TASK BRIEF> Copy all the records exactly; the complete set is the expected result.

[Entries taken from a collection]
○ ○ ○ ○ ○

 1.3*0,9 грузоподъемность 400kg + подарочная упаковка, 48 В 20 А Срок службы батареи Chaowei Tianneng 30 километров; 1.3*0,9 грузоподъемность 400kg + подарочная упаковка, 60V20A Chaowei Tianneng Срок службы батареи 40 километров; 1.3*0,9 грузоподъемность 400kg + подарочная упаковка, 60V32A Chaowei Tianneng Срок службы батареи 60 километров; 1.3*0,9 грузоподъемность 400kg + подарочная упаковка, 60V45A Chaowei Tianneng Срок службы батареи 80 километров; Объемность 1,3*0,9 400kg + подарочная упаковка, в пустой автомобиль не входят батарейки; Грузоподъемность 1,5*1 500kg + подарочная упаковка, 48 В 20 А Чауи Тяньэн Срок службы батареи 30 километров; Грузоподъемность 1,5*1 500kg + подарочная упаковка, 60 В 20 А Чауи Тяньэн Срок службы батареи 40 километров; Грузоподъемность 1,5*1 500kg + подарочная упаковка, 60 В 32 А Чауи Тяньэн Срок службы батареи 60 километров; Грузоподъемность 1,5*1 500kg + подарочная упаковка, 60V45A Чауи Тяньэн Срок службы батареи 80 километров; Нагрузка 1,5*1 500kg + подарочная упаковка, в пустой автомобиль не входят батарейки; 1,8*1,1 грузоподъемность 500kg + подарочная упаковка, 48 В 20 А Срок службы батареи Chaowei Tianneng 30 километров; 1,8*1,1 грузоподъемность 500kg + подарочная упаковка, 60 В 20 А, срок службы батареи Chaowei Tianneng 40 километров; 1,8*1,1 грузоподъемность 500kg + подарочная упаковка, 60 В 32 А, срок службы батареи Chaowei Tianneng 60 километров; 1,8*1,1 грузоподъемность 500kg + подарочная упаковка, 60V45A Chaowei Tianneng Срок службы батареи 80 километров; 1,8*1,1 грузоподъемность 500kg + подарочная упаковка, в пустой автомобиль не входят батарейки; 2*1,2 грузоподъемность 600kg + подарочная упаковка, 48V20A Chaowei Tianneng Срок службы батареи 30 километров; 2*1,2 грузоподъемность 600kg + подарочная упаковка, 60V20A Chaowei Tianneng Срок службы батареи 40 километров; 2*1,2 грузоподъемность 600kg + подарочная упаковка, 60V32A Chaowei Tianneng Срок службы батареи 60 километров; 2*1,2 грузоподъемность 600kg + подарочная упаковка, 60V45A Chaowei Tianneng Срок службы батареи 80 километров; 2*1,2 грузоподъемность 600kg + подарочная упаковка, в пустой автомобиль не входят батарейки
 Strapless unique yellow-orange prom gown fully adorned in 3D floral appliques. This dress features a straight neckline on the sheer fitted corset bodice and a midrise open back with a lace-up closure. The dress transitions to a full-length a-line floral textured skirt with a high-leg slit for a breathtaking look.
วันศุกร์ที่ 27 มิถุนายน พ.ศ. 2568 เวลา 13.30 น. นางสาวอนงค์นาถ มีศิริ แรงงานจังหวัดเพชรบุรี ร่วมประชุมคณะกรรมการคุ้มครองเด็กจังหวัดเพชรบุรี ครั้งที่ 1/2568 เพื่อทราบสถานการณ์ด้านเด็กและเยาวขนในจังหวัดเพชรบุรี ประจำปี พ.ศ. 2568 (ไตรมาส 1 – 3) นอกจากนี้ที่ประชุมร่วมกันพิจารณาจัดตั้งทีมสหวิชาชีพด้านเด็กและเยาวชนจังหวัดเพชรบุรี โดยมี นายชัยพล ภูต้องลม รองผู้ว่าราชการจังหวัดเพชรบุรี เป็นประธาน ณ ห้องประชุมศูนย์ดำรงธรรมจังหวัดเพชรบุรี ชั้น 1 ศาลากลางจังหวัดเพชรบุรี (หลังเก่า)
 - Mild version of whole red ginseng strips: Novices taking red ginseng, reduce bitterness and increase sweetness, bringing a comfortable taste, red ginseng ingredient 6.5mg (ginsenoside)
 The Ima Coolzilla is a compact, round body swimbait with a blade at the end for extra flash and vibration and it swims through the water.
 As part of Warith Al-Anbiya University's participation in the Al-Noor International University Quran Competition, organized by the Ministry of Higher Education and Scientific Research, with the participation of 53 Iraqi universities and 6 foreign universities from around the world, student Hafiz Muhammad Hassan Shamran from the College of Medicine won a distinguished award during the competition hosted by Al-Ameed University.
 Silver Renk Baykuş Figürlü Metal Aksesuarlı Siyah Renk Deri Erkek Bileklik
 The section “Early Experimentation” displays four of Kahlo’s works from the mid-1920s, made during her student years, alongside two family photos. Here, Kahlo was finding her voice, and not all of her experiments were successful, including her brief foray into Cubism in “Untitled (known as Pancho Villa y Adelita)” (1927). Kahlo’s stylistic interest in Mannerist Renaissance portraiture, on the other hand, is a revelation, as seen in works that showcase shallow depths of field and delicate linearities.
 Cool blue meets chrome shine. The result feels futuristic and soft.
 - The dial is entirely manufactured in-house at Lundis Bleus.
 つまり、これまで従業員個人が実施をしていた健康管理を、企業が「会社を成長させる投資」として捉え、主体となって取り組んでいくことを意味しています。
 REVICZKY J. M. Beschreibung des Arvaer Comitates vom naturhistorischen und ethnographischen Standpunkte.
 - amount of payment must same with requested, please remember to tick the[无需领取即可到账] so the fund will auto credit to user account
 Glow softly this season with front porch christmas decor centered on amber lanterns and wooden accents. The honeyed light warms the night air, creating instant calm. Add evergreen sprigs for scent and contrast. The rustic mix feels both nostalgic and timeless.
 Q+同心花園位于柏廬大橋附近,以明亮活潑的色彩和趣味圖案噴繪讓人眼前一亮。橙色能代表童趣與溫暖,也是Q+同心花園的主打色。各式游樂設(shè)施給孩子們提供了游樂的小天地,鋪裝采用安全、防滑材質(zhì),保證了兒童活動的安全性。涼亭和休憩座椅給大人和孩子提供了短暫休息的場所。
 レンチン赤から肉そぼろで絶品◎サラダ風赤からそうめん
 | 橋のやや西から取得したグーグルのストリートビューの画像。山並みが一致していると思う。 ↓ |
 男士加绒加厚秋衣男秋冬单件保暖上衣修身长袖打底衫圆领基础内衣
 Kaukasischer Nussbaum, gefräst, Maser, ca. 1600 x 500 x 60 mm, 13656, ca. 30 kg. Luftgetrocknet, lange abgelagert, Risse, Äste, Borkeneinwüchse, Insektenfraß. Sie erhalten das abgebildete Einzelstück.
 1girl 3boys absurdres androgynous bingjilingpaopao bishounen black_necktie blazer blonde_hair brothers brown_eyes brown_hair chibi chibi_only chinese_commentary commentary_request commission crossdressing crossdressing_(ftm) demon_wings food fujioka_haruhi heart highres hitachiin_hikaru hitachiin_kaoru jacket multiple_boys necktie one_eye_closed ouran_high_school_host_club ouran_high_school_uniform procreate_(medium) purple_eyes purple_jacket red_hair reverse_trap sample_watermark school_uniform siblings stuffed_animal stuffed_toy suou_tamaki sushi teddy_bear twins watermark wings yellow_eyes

○ ○ ○ ○ ○

RESPONSE TO THE TASK>
 1.3*0,9 грузоподъемность 400kg + подарочная упаковка, 48 В 20 А Срок службы батареи Chaowei Tianneng 30 километров; 1.3*0,9 грузоподъемность 400kg + подарочная упаковка, 60V20A Chaowei Tianneng Срок службы батареи 40 километров; 1.3*0,9 грузоподъемность 400kg + подарочная упаковка, 60V32A Chaowei Tianneng Срок службы батареи 60 километров; 1.3*0,9 грузоподъемность 400kg + подарочная упаковка, 60V45A Chaowei Tianneng Срок службы батареи 80 километров; Объемность 1,3*0,9 400kg + подарочная упаковка, в пустой автомобиль не входят батарейки; Грузоподъемность 1,5*1 500kg + подарочная упаковка, 48 В 20 А Чауи Тяньэн Срок службы батареи 30 километров; Грузоподъемность 1,5*1 500kg + подарочная упаковка, 60 В 20 А Чауи Тяньэн Срок службы батареи 40 километров; Грузоподъемность 1,5*1 500kg + подарочная упаковка, 60 В 32 А Чауи Тяньэн Срок службы батареи 60 километров; Грузоподъемность 1,5*1 500kg + подарочная упаковка, 60V45A Чауи Тяньэн Срок службы батареи 80 километров; Нагрузка 1,5*1 500kg + подарочная упаковка, в пустой автомобиль не входят батарейки; 1,8*1,1 грузоподъемность 500kg + подарочная упаковка, 48 В 20 А Срок службы батареи Chaowei Tianneng 30 километров; 1,8*1,1 грузоподъемность 500kg + подарочная упаковка, 60 В 20 А, срок службы батареи Chaowei Tianneng 40 километров; 1,8*1,1 грузоподъемность 500kg + подарочная упаковка, 60 В 32 А, срок службы батареи Chaowei Tianneng 60 километров; 1,8*1,1 грузоподъемность 500kg + подарочная упаковка, 60V45A Chaowei Tianneng Срок службы батареи 80 километров; 1,8*1,1 грузоподъемность 500kg + подарочная упаковка, в пустой автомобиль не входят батарейки; 2*1,2 грузоподъемность 600kg + подарочная упаковка, 48V20A Chaowei Tianneng Срок службы батареи 30 километров; 2*1,2 грузоподъемность 600kg + подарочная упаковка, 60V20A Chaowei Tianneng Срок службы батареи 40 километров; 2*1,2 грузоподъемность 600kg + подарочная упаковка, 60V32A Chaowei Tianneng Срок службы батареи 60 километров; 2*1,2 грузоподъемность 600kg + подарочная упаковка, 60V45A Chaowei Tianneng Срок службы батареи 80 километров; 2*1,2 грузоподъемность 600kg + подарочная упаковка, в пустой автомобиль не входят батарейки
 Strapless unique yellow-orange prom gown fully adorned in 3D floral appliques. This dress features a straight neckline on the sheer fitted corset bodice and a midrise open back with a lace-up closure. The dress transitions to a full-length a-line floral textured skirt with a high-leg slit for a breathtaking look.
วันศุกร์ที่ 27 มิถุนายน พ.ศ. 2568 เวลา 13.30 น. นางสาวอนงค์นาถ มีศิริ แรงงานจังหวัดเพชรบุรี ร่วมประชุมคณะกรรมการคุ้มครองเด็กจังหวัดเพชรบุรี ครั้งที่ 1/2568 เพื่อทราบสถานการณ์ด้านเด็กและเยาวขนในจังหวัดเพชรบุรี ประจำปี พ.ศ. 2568 (ไตรมาส 1 – 3) นอกจากนี้ที่ประชุมร่วมกันพิจารณาจัดตั้งทีมสหวิชาชีพด้านเด็กและเยาวชนจังหวัดเพชรบุรี โดยมี นายชัยพล ภูต้องลม รองผู้ว่าราชการจังหวัดเพชรบุรี เป็นประธาน ณ ห้องประชุมศูนย์ดำรงธรรมจังหวัดเพชรบุรี ชั้น 1 ศาลากลางจังหวัดเพชรบุรี (หลังเก่า)
 - Mild version of whole red ginseng strips: Novices taking red ginseng, reduce bitterness and increase sweetness, bringing a comfortable taste, red ginseng ingredient 6.5mg (ginsenoside)
 The Ima Coolzilla is a compact, round body swimbait with a blade at the end for extra flash and vibration and it swims through the water.
 As part of Warith Al-Anbiya University's participation in the Al-Noor International University Quran Competition, organized by the Ministry of Higher Education and Scientific Research, with the participation of 53 Iraqi universities and 6 foreign universities from around the world, student Hafiz Muhammad Hassan Shamran from the College of Medicine won a distinguished award during the competition hosted by Al-Ameed University.
 Silver Renk Baykuş Figürlü Metal Aksesuarlı Siyah Renk Deri Erkek Bileklik
 The section “Early Experimentation” displays four of Kahlo’s works from the mid-1920s, made during her student years, alongside two family photos. Here, Kahlo was finding her voice, and not all of her experiments were successful, including her brief foray into Cubism in “Untitled (known as Pancho Villa y Adelita)” (1927). Kahlo’s stylistic interest in Mannerist Renaissance portraiture, on the other hand, is a revelation, as seen in works that showcase shallow depths of field and delicate linearities.
 Cool blue meets chrome shine. The result feels futuristic and soft.
 - The dial is entirely manufactured in-house at Lundis Bleus.
 つまり、これまで従業員個人が実施をしていた健康管理を、企業が「会社を成長させる投資」として捉え、主体となって取り組んでいくことを意味しています。
 REVICZKY J. M. Beschreibung des Arvaer Comitates vom naturhistorischen und ethnographischen Standpunkte.
 - amount of payment must same with requested, please remember to tick the[无需领取即可到账] so the fund will auto credit to user account
 Glow softly this season with front porch christmas decor centered on amber lanterns and wooden accents. The honeyed light warms the night air, creating instant calm. Add evergreen sprigs for scent and contrast. The rustic mix feels both nostalgic and timeless.
 Q+同心花園位于柏廬大橋附近,以明亮活潑的色彩和趣味圖案噴繪讓人眼前一亮。橙色能代表童趣與溫暖,也是Q+同心花園的主打色。各式游樂設(shè)施給孩子們提供了游樂的小天地,鋪裝采用安全、防滑材質(zhì),保證了兒童活動的安全性。涼亭和休憩座椅給大人和孩子提供了短暫休息的場所。
 レンチン赤から肉そぼろで絶品◎サラダ風赤からそうめん
 | 橋のやや西から取得したグーグルのストリートビューの画像。山並みが一致していると思う。 ↓ |
 男士加绒加厚秋衣男秋冬单件保暖上衣修身长袖打底衫圆领基础内衣
 Kaukasischer Nussbaum, gefräst, Maser, ca. 1600 x 500 x 60 mm, 13656, ca. 30 kg. Luftgetrocknet, lange abgelagert, Risse, Äste, Borkeneinwüchse, Insektenfraß. Sie erhalten das abgebildete Einzelstück.
 1girl 3boys absurdres androgynous bingjilingpaopao bishounen black_necktie blazer blonde_hair brothers brown_eyes brown_hair chibi chibi_only chinese_commentary commentary_request commission crossdressing crossdressing_(ftm) demon_wings food fujioka_haruhi heart highres hitachiin_hikaru hitachiin_kaoru jacket multiple_boys necktie one_eye_closed ouran_high_school_host_club ouran_high_school_uniform procreate_(medium) purple_eyes purple_jacket red_hair reverse_trap sample_watermark school_uniform siblings stuffed_animal stuffed_toy suou_tamaki sushi teddy_bear twins watermark wings yellow_eyes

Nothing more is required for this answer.